■ **TASK DETAILS**: In the material below, find all lines with the string "field" and copy them.

■ **DATA RECORDS**:
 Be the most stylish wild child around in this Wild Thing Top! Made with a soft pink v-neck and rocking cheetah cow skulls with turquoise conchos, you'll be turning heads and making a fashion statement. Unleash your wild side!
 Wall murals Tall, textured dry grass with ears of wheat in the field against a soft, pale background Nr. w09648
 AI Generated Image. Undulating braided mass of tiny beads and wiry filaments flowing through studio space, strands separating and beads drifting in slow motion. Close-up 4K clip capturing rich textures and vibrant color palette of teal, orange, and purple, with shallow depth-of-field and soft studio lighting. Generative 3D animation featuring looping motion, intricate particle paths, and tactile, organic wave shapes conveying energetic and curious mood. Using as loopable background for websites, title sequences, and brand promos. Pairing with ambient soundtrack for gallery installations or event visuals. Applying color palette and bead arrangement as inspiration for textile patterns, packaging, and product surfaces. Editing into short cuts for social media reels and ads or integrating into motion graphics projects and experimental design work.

---

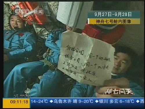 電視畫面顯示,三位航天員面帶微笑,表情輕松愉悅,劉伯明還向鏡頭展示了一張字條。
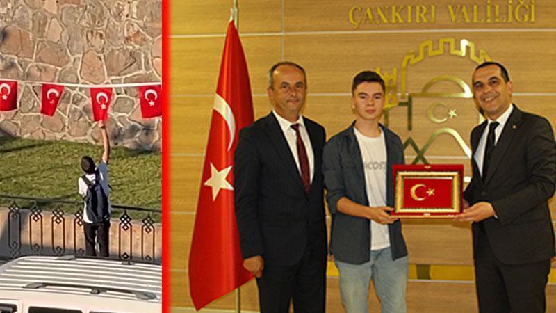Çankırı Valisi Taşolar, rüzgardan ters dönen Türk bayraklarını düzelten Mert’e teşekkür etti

■ **WRITTEN ANSWER**:
 Wall murals Tall, textured dry grass with ears of wheat in the field against a soft, pale background Nr. w09648
 AI Generated Image. Undulating braided mass of tiny beads and wiry filaments flowing through studio space, strands separating and beads drifting in slow motion. Close-up 4K clip capturing rich textures and vibrant color palette of teal, orange, and purple, with shallow depth-of-field and soft studio lighting. Generative 3D animation featuring looping motion, intricate particle paths, and tactile, organic wave shapes conveying energetic and curious mood. Using as loopable background for websites, title sequences, and brand promos. Pairing with ambient soundtrack for gallery installations or event visuals. Applying color palette and bead arrangement as inspiration for textile patterns, packaging, and product surfaces. Editing into short cuts for social media reels and ads or integrating into motion graphics projects and experimental design work.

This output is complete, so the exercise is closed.